On lines 240–241, "... 5-7 constrained parameters and 3-6 optimized parameters ..." Please clearly explain how you define and determine constrained and optimized parameters and how they differ. Also, explain CS and OP in Tables S2–S6.
On lines 254–155 "However, the model skill for HNA biomass slightly degraded in the climatological model (Figure 3b), with lower correlations and normalized standard deviation and higher RMSD than the four years together (Figure 3a)." Since the individual years have been optimized individually, this result was to be expected. What could be more informative is a comparison with simulations for the individual years but with the same parameter set, e.g., the most portable one. This could provide insight into the influence of parameter differences compared to that of different boundary conditions and forcings between the different years.
These sentences are incomprehensible and must be corrected. I could not figure out what you wanted to say here:
Lines 273–275: "C stocks and flows averaged over the growth (Figure 5) and normalized by NPP (normalized by NPP in 1-day for C stocks; Figure S9) season for each year summarized an annual snapshot of the group-specific bacterial dynamics."
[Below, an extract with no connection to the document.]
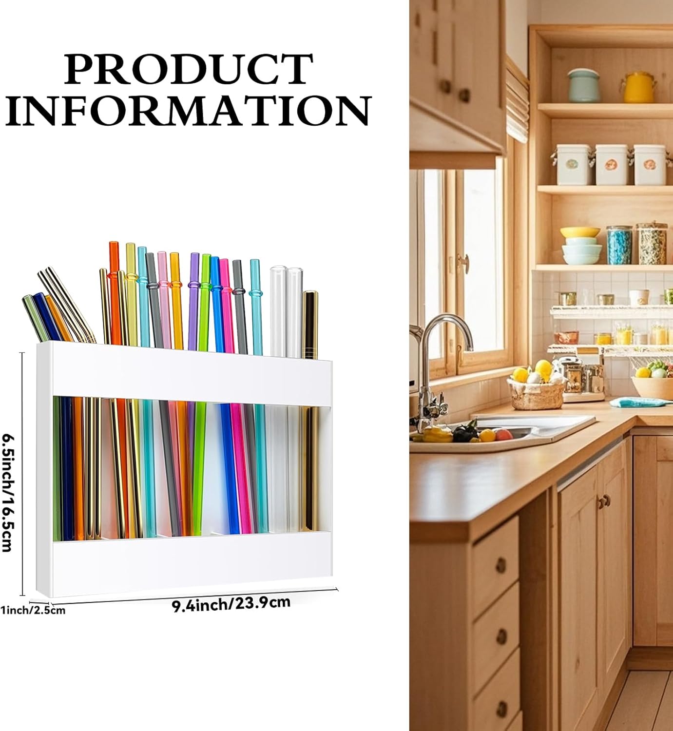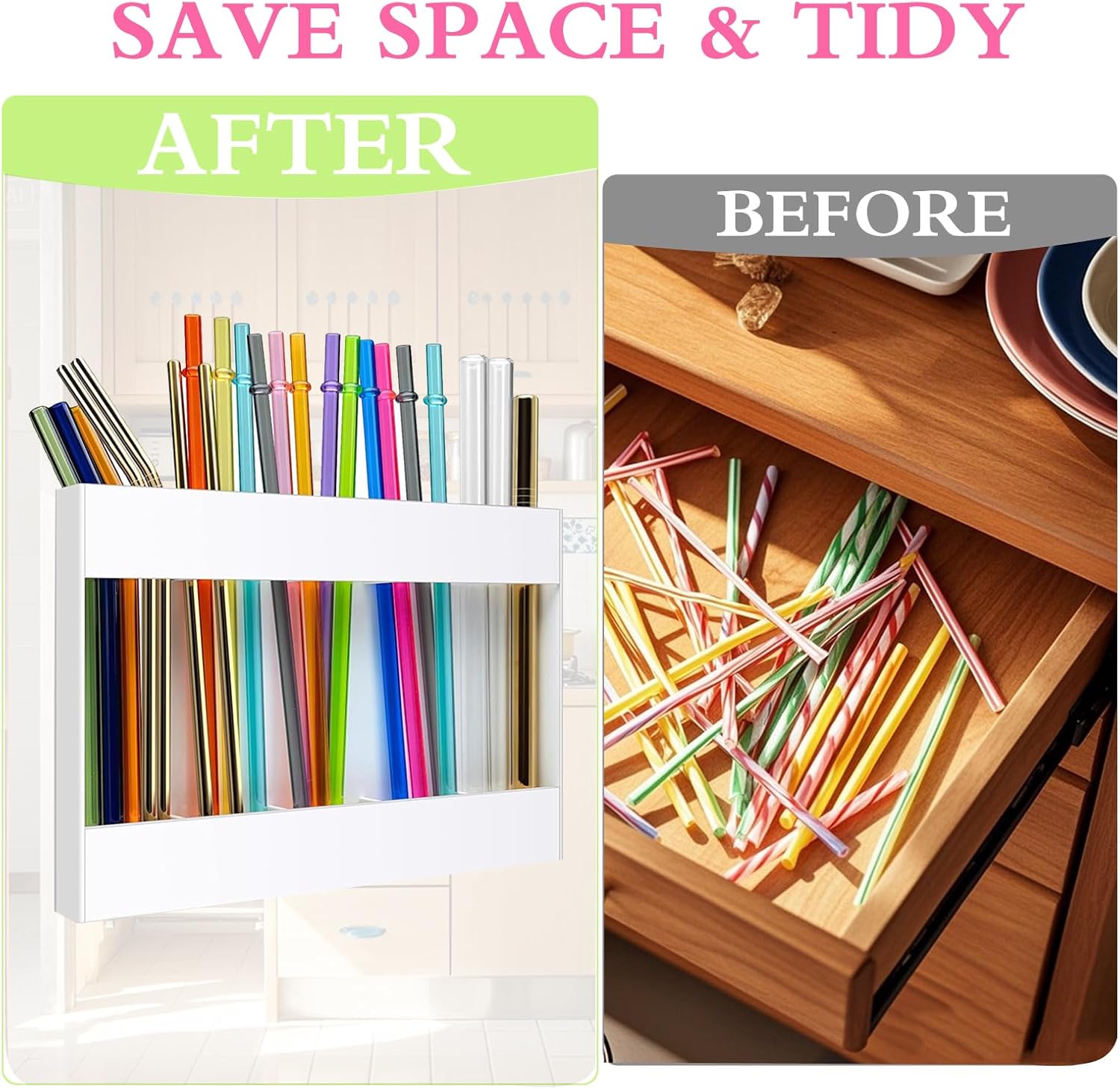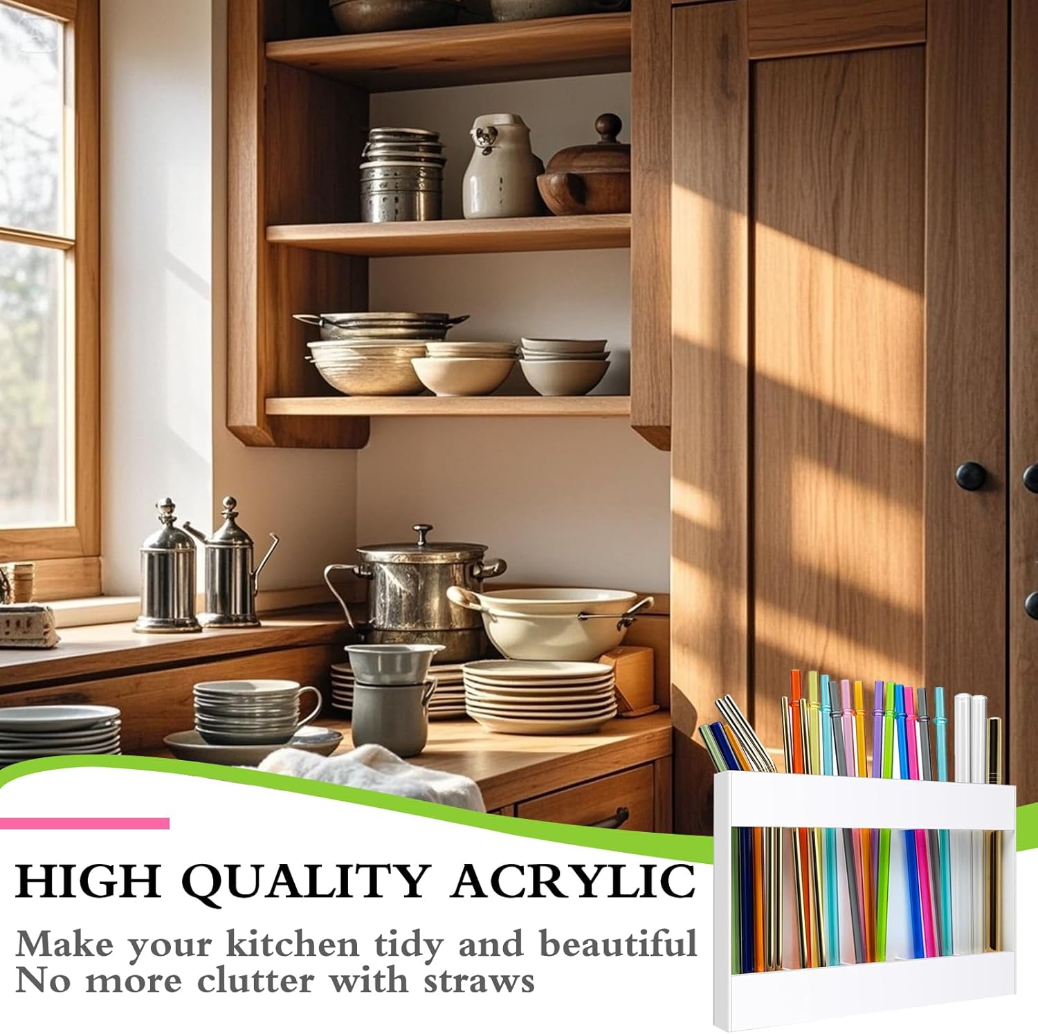 Acrylic Straw Holder Organizer - Cabinet Door Mounted with Adhesive Tape, Reusable Storage for Drinking & Tumbler Straws, Space Saving Kitchen Organization

Lines 283–284: "NO3, POC, and SDOC in unassimilated years were modelled to values comparable to those in other assimilated years (Figure 5)."
Line 399: "Modelled nutrient stocks were above detect limits and indicated the lack of macronutrient limitations."
Fig. 3: The caption for panel a (2010 - 2013) is confusing. The simulations also cover 2014 and this caption gives the impression that the simulations went through 2010–2013 continuously, which is not what you did. You should come up with a better caption. Also, as mentioned above, a third panel showing results for different years with a single parameter set could be useful. The last sentence of the caption seems to make no sense, since the x-axes of both panels are the same.
Fig. 4: The numbers and letters are very hard to read and often overlap. Maybe rearrange in 4 columns (2 for the means and 2 for the CVs)? The units in (b) are wrong, the CV is dimensionless.
Fig. 5: The caption says that the panels show C stocks and flows in units of mmol C m-2 and mmol C m-2 d-1 but the panels also show NH4, NO3, and PO4, so the associated numbers must have different units. The caption explains the numbers in the first rows and the numbers in parentheses but not the numbers in the second rows next to the arrows. Then it says that "N and P flows, as well as the flows smaller than 0.01 mmol C m-3 d-1, are omitted." but the panels show arrows from and to NH4 and to the inorganic nutrient compartments.
Fig. 8 suffers from the same problems as Fig. 4 (% numbers are also dimensionless). In addition, the first rows in (b) should be left out as they are always 0 by definition.